In the answer, each line from the top of the material through the line that contains "カーゴパンツは、ウエストのド" is restated exactly. No picture is given again.

▶ _DATA BELOW_
————

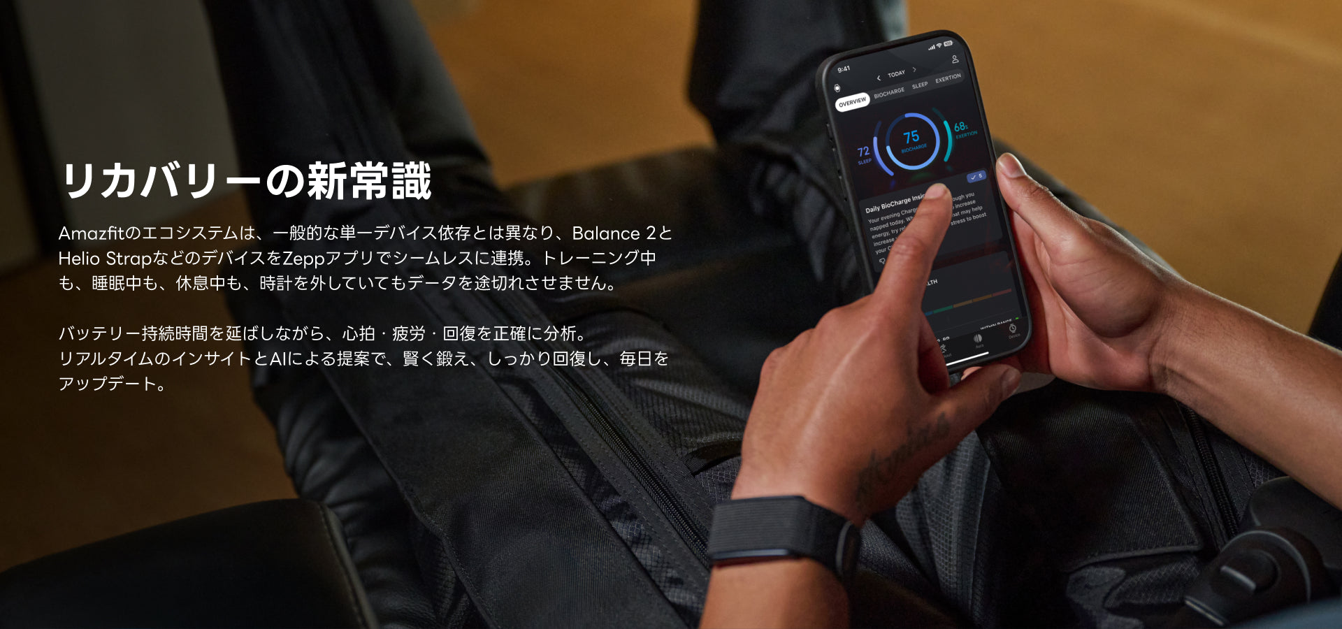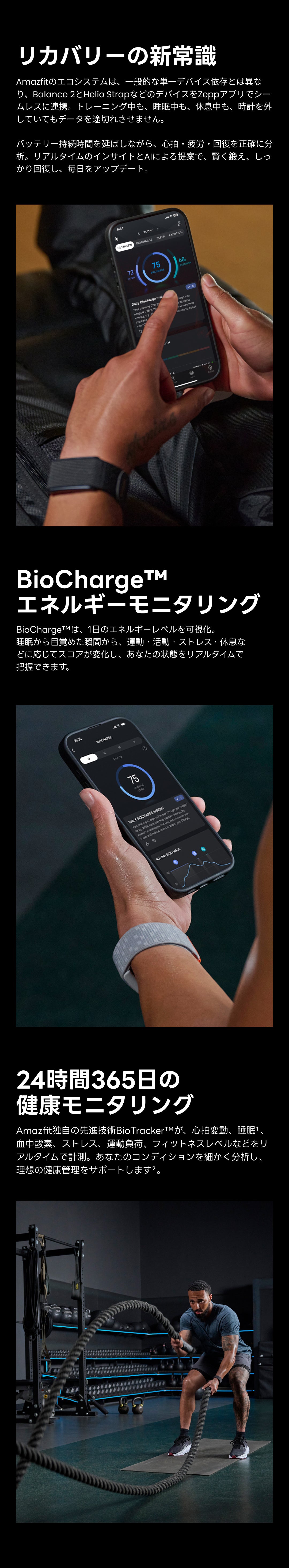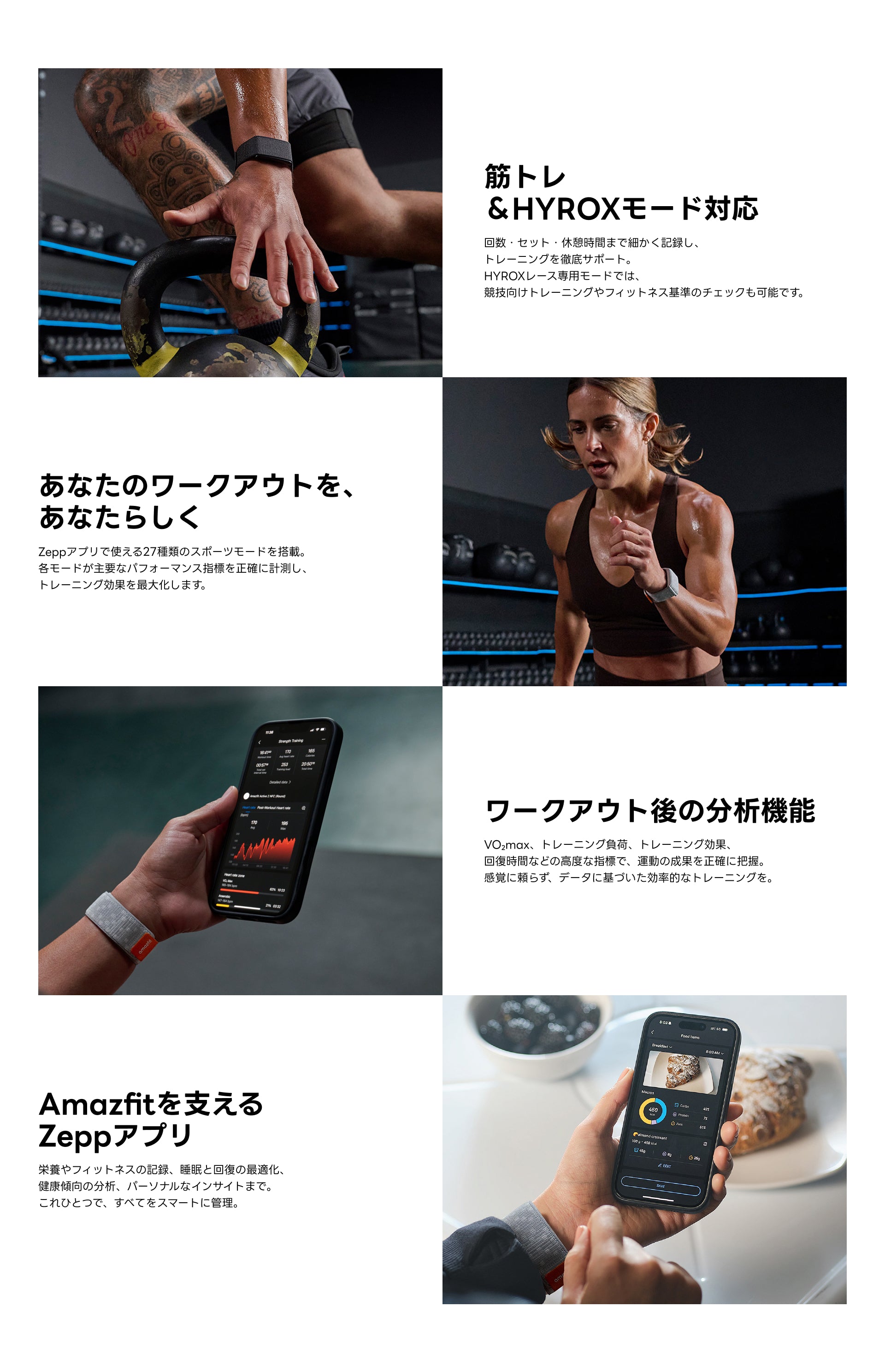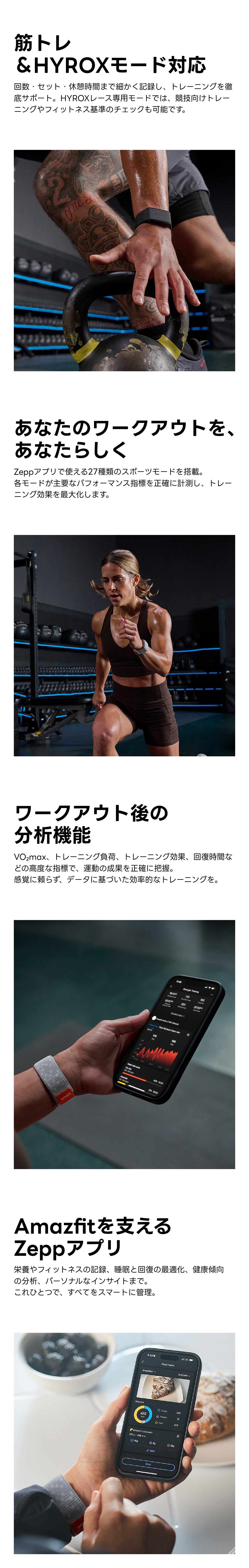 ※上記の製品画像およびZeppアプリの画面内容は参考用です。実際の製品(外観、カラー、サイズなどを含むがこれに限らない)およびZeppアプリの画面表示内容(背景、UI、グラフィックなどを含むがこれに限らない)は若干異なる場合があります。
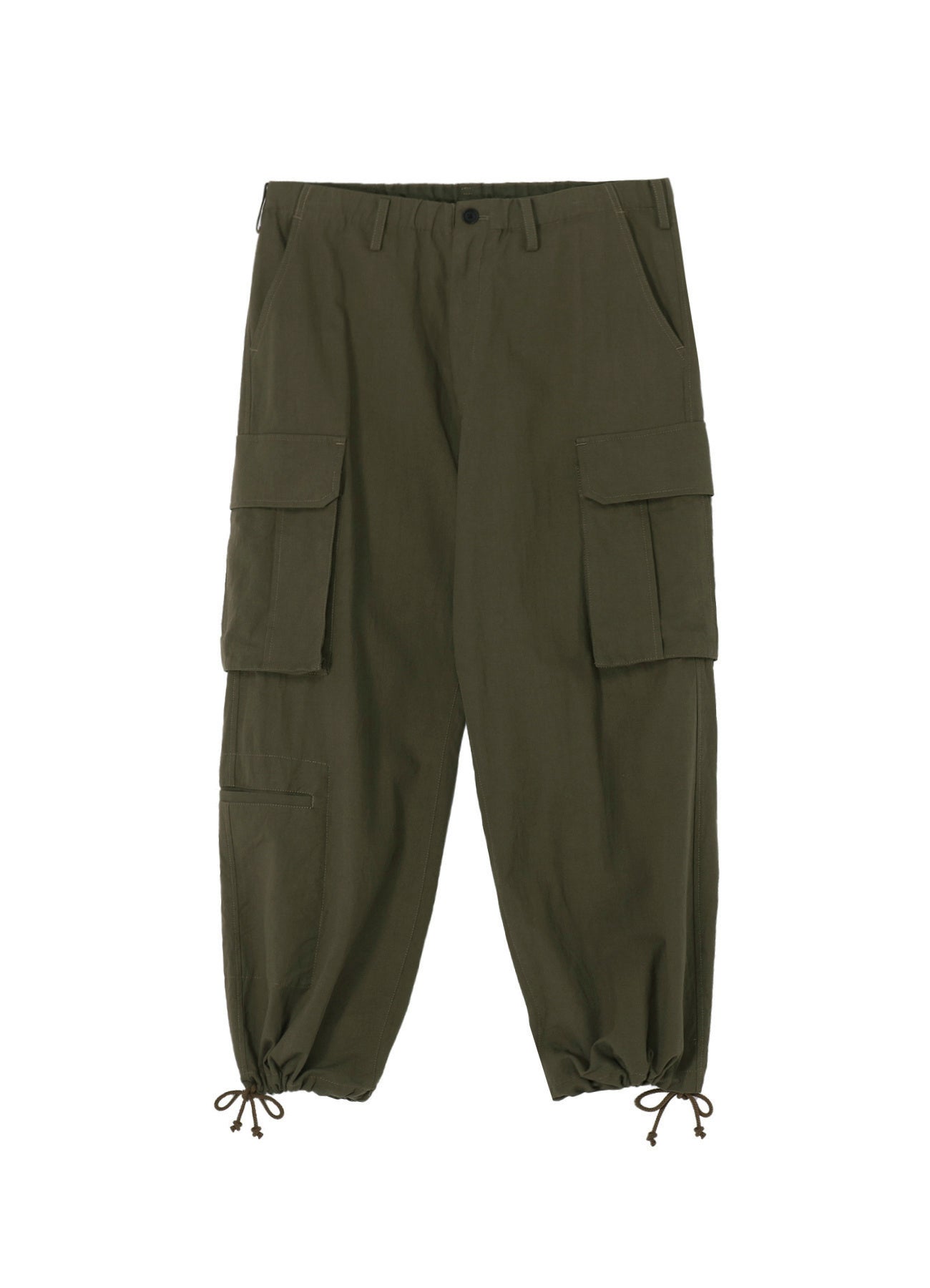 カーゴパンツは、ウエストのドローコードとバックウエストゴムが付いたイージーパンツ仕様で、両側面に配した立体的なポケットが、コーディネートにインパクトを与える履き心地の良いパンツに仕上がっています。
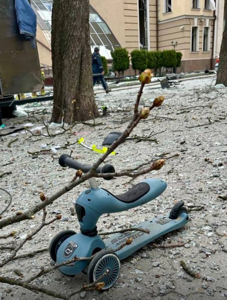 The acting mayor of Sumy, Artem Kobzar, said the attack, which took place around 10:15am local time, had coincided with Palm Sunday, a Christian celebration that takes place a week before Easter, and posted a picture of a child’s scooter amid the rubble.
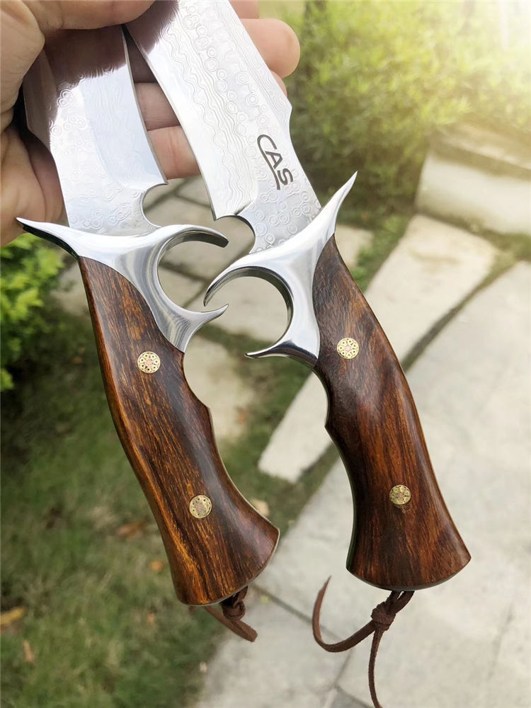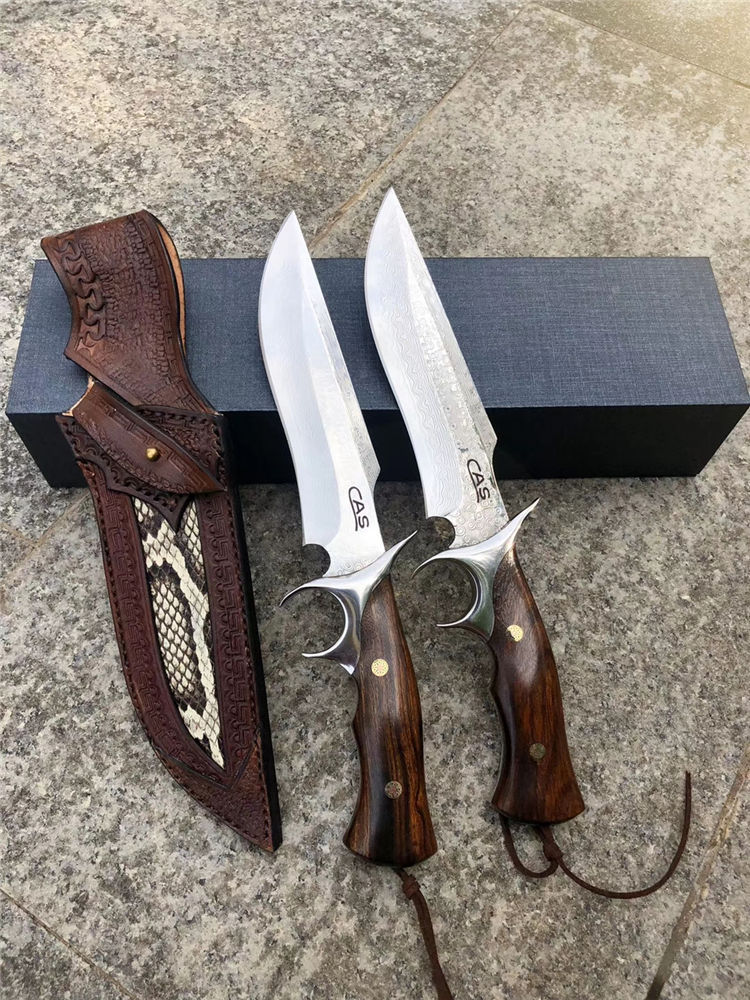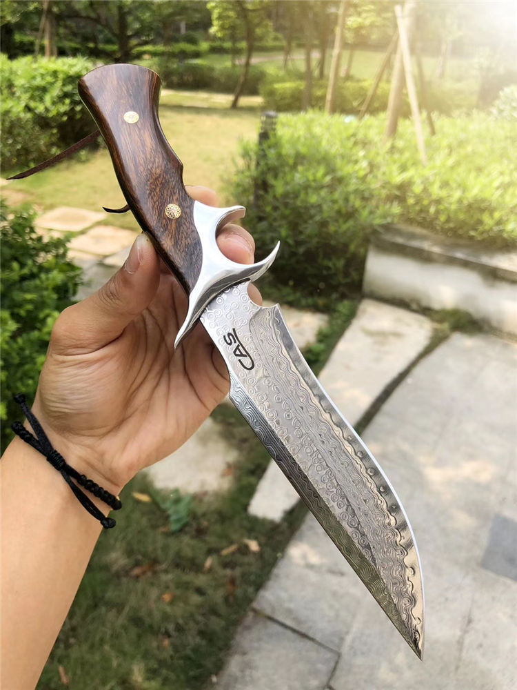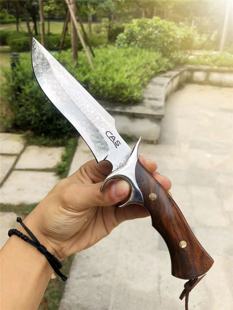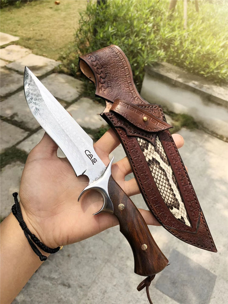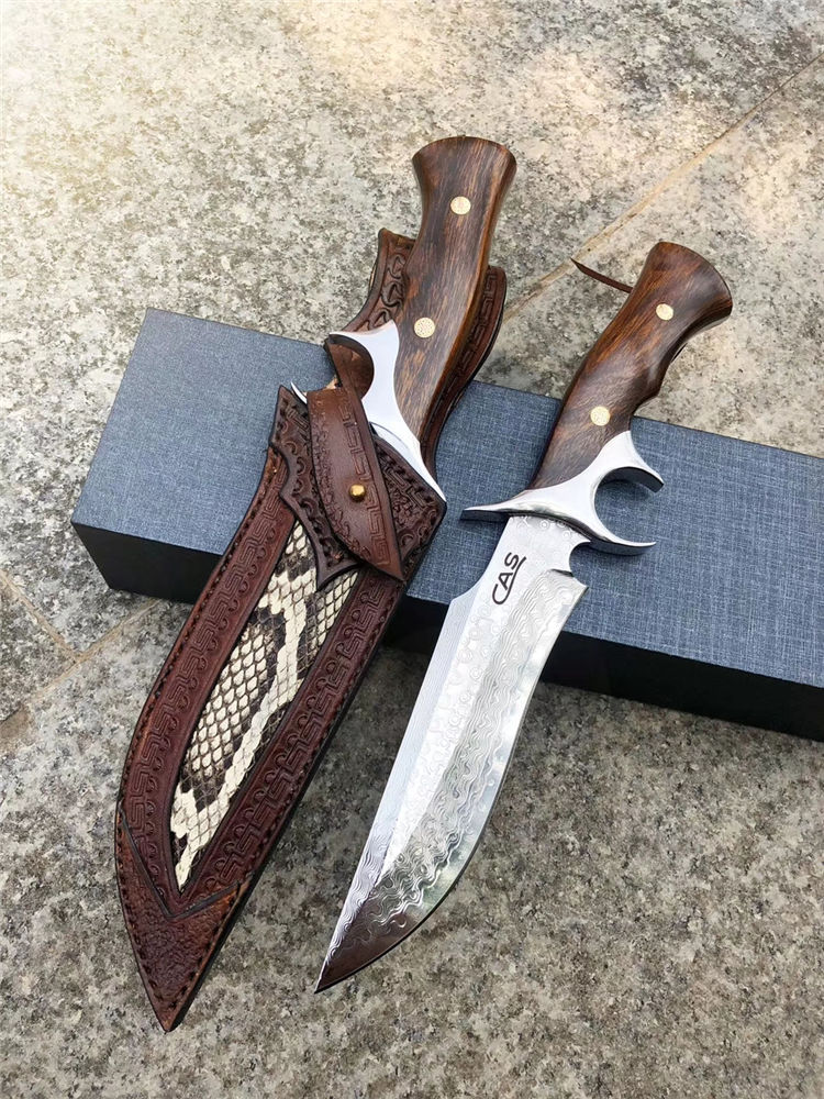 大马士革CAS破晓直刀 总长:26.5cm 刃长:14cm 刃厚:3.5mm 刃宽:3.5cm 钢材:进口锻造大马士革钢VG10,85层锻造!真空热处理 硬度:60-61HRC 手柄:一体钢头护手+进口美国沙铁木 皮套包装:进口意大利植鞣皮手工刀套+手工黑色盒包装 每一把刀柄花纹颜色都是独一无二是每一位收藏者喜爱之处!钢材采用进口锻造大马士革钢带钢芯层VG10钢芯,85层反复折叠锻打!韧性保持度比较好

————

▶ _EXPECTED OUTPUT_
 ※上記の製品画像およびZeppアプリの画面内容は参考用です。実際の製品(外観、カラー、サイズなどを含むがこれに限らない)およびZeppアプリの画面表示内容(背景、UI、グラフィックなどを含むがこれに限らない)は若干異なる場合があります。
 カーゴパンツは、ウエストのドローコードとバックウエストゴムが付いたイージーパンツ仕様で、両側面に配した立体的なポケットが、コーディネートにインパクトを与える履き心地の良いパンツに仕上がっています。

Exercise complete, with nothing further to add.